Савин еще не верил, что случилось самое худшее, но зачем Калерия ведет себя так, что про нее болтать начали?

Уход жены с Сергеем Сидора Карпыча раздражал донельзя, но он смолчал. Если вмешаться, языки заработают вовсю. Послушав немного купца Черемухина, нашептывающего ему про захватничество Семена Даниловича на рынке, он поднялся, намереваясь пойти вслед за женой.

Даша, не выпускавшая его из виду, сразу забеспокоилась. «А вдруг Сидор Карпыч не разберется! Изувечить может», — промелькнула у нее мысль, и она, улыбаясь, позвала:

— Сидор Карпыч, просим к нам!

Савин подошел. Даша любезно освободила ему место рядом с собой:

— Посидите с нами, расскажите, как киргизцы на стойбище живут. Вы с Калерией Владимировной ездили…

Савин начал описывать стойбище Джаманшалова, косяки его скакунов, думая про себя: «Видно, пустое болтают. Не сидела бы так спокойно Сергеева жена…»

Калерия увлекла Сергея в сторону, противоположную той, куда направились все.

— Сядем, Сережа! — предложила она, указывая на сваленное дерево. — Нам надо поговорить откровенно…
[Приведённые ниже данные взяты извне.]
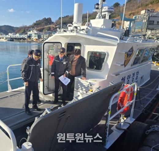 (원투원뉴스) 울진해양경찰서는 22일, 신형 연안구조정 현장 점검과 원거리 조업선 특별점검을 잇달아 실시했다.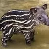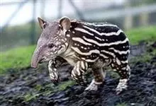 低地貘:体长达1.7-2.1米,尾巴长5-10厘米,体重200-250千克,肩高0.7-1.1米。呈灰棕色至深褐色,腹部色淡。颈部及耳缘白色,由头顶至颈背有一道短而直立的鬃毛,带黑色,身上的毛短而光…全部>>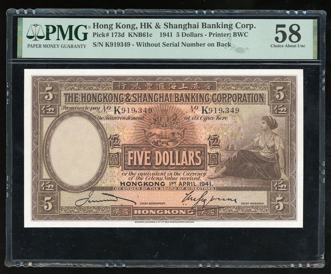The Hongkong & Shanghai Banking Corporation, Hong Kong, $5, 1.4.1941, serial number K919349, (Pick 173d), PMG 58 Choice About Uncirculated

Сергей сел, чуть отодвинулся и вопросительно взглянул на нее. До последней секунды Калерия надеялась, что он заговорит первым, пощадит ее гордость, но он молчал. Вцепляясь отточенными коготками в мякоть ладоней, Калерия сделала последнюю попытку, прошептав:

— Нужно ли говорить?

— Я не знаю, о чем вы хотите со мной говорить, — подчеркнуто сухо ответил Сергей.

Он попытался встать. Но Калерия Владимировна словно обезумела. Она кинулась перед ним на колени, обхватила руками.

— Сережа, я люблю тебя, не могу жить без тебя…

Золотистые волосы рассыпались, глаза на побледневшем лице горели.

Сергей почувствовал, что еще мгновение — и уступит. Грубо отбросив тонкие руки, он встал.

— В вас не любовь, а каприз говорит. Вы никого не любите, кроме себя. Я вам не нужен был, пока зависел от вас. Теперь, когда Даша дала мне счастье, вы хотите все разрушить, — говорил он отрывисто, больше для себя, чем для нее, медленно отступая.

Калерия продолжала стоять на коленях, прижимая к груди руки и откинув голову, слушала его молча, не спуская с него глаз, полных мольбы.

— Не приставайте больше ко мне! — кинул Сергей и, резко повернувшись, пошел, чувствуя, что какая-то сила тянет его назад, к оскорбленной им женщине…

— А где же Калерию Владимировну потеряли? — спрашивали дамы со скрытым ехидством.

— Ищет грибы, а меня прогнали: говорят, что я только мешаю им. — И Сергей включился в непринужденный разговор.

Калерия Владимировна вернулась последней и принесла… огромный мухомор. Во время обеда гости подшучивали над неудачливой сборщицей. Калерия была бледна, но насмешки отражала с обычным для нее остроумием.

«Актриса! А я чуть не поверил…» — подумал Сергей.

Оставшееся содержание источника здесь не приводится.